- App icon of Episode One
- Developer: Rodeo Games
- Publisher: Rodeo Games
- Platforms: iOS, Android
- Release: Hunters: Episode One February 26, 2011 (iOS) November 14, 2012 (Android) Hunters 2 March 22, 2012 (iOS)
- Genre: Tactical role-playing
- Mode: Single-player

= Hunters (video game series) =

Video game series

Hunters is a series of two science fiction tactical role-playing video games developed and published by Rodeo Games for the iOS. The first game, Hunters: Episode One, was released in February 2011. The second game, Hunters 2, was released in March 2012.

==Gameplay==
Hunters series is a pair of top-down turn-based tactical role-playing games. The games are set in a science fiction universe where humanity has colonized several solar systems and planets are frequently owned by corporations. The player controls a squad of mercenaries, called "hunters", as they conduct missions for corporations on various planets. Maps are made up of square grids and characters use action points on each turn for movement and shooting. Episode One is a freemium game where the game is free to download but your squad is stuck at experience level two until the app is purchased.

==Release==
Hunters series was developed by Rodeo Games, a studio based in Guildford, England. Hunters: Episode One started development as a multiplayer game. Episode One was released for the iOS on February 26, 2011. By September 2011, Episode One had been downloaded over 550,000 times. Multiplayer was planned to be added to the first game after release. Hunters 2 was announced on December 16, 2011, and released for iOS on March 22, 2012. Episode One was released for Android on November 14, 2012. By January 2013, both games combined had been downloaded over one million times.

Rodeo Games' 2013 game Warhammer Quest uses Taurus game engine, the same engine from Hunters 2. Rodeo Games' 2015 game Warhammer 40,000: Deathwatch is described as a spiritual successor to the Hunters series.

==Reception==

Hunters: Episode One and Hunters 2 both received "generally favorable" reviews according to review aggregator Metacritic.

Aggregate score
| Aggregator | Score |
|---|---|
| Metacritic | 80/100 |

Review scores
| Publication | Score |
|---|---|
| Gamezebo | 3.5/5 |
| Pocket Gamer | 3.5/5 |
| TouchArcade | 4/5 |
| AppSpy | 4/5 |
| Multiplayer.it | 8.2/10 |

Aggregate score
| Aggregator | Score |
|---|---|
| Metacritic | 83/100 |

Review scores
| Publication | Score |
|---|---|
| Edge | 8/10 |
| Pocket Gamer | 4/5 |
| TouchArcade | 4/5 |
| Absolute Games | 74% |
| AppSpy | 4/5 |
| Gamereactor | 9/10 |
| Multiplayer.it | 8.4/10 |
| Pelit | 83/100 |
| Slide to Play | 4/4 |

===Hunters: Episode One===
Mike Thompson of Gamezebo summarized: "Overall, Hunters: Episode One is a good title that's on the verge of being absolutely great. Aside from needing some bugs fixed, the game could also use some story missions to provide a solid narrative that players can get behind."

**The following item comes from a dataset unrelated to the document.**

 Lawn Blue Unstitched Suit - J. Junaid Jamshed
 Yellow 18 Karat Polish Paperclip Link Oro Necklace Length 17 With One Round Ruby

Andrew Nesvadba of AppSpy summarized: "Hunters: Episode One provides a solid grounding for what could be an insanely addictive tactical turn-based title, but bugs and the lack of story missions are holding it back for now."

Tracy Erickson of Pocket Gamer criticised the game design: "The game's primary weakness is an odd structure that limits the number of available missions. New missions are unlocked every 24 hours - in other words, once you complete the initial batch of missions, you have to wait a day before new ones appear. It's an unpleasant restriction and one that seems wholly unnecessary."

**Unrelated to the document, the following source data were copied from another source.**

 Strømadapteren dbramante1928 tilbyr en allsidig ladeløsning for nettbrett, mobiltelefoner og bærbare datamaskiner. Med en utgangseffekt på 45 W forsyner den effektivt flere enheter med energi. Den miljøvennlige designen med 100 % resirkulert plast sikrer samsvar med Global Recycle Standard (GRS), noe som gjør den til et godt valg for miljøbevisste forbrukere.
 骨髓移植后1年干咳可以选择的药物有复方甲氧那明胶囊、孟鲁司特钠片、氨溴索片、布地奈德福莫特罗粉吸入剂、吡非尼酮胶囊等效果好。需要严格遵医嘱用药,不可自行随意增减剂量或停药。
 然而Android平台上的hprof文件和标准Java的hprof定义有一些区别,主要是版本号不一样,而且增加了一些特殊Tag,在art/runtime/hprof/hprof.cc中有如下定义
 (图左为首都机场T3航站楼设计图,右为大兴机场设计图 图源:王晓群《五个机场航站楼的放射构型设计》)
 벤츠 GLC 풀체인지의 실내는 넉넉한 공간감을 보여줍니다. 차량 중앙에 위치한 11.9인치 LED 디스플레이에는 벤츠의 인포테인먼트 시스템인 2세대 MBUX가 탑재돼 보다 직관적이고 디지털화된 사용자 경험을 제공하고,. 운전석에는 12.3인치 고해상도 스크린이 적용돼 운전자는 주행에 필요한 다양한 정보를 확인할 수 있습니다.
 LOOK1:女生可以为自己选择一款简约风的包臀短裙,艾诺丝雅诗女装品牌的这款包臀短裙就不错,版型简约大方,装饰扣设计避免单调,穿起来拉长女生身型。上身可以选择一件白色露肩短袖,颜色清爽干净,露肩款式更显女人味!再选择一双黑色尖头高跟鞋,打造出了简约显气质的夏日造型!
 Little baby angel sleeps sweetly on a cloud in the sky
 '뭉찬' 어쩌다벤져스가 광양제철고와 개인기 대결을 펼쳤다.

In a 2016 retrospective review, Shaun Musgrave of TouchArcade said that "Hunters: Episode One is an important game in terms of carving a path for what followed, but taken as a game rather than a piece of history, I'm not sure it has a lot to offer anymore. The core is solid, but everything good about the game was carried forward into better works."

===Hunters 2===
Erik Carlson of Slide to Play summarized: "Hunters 2 is an exciting and ambitious strategy game with deep RPG elements. If you don't mind a short campaign mode, then the ever-changing missions, fun character customization, and awesome presentation will keep you coming back on a daily basis."

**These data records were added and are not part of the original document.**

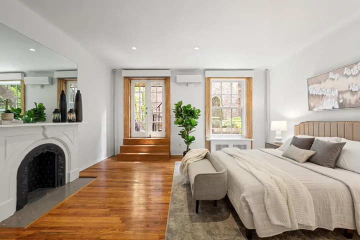 From the moment you step inside, the home whispers of character and craftsmanship-original crown moldings trace the high ceilings, hardwood floors glow with patina and polish, and a wood-burning fireplace anchors the gracious living room like the heart of a novel you can’t put down. Oversized windows pour in natural light by day and frame absolute stillness by night-pin-drop quiet in the very heart of Manhattan.
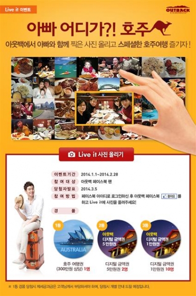 아웃백 스테이크하우스는 3만원 이상 주문하는 고객 중 추첨을 통해 1등 1명에게 300만원 상당의 호주 여행권을, 2명에게 매장에서 현금처럼 사용가능한 디지털 금액권 5만원권, 10명에게 디지털 금액권 1만원권을 각각 증정한다.
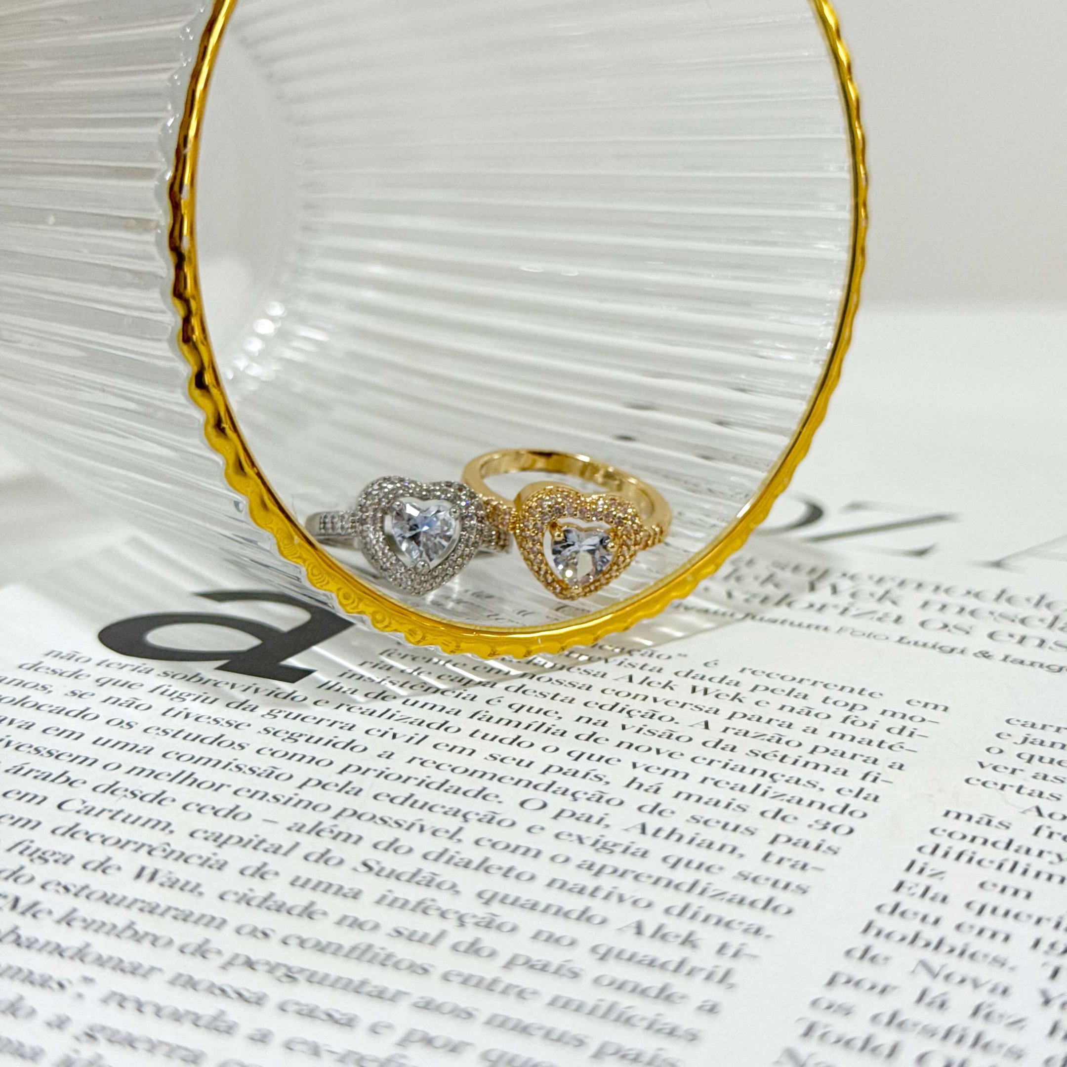 Anel delicado com design de coração cravejado com zircônias, perfeito para trazer romantismo e brilho ao visual. Produzido em semi joia de alta qualidade, com banho em ouro 18K e camada de verniz protetor para maior durabilidade. Hipoalergênico e confortável, é ideal para uso diário ou para presentear com muito charme.

Andrew Nesvadba of AppSpy summarized: "Hunters 2 moves the series forward, stepping away from the sterile and automatically generated levels of the original and on to something more exciting; a great pick for turn-based fans after a game ready to punish players for poor decisions."

Damien of McFerran Pocket Gamer summarized: "Hunters 2 is an almost perfect sequel - it improves on what has gone before without drastically changing too many things. The presence of in-app purchasing is unfortunate, but not enough to sully the good work done elsewhere. Turn-based strategy fans should pick it up".

Rich Stanton of Eurogamer said: "Hunters 2 does everything bigger, better, and in even more detail. It's a much better game in almost every way, with every addition adding a little crackle to the mix. And yet it still leaves you craving something more."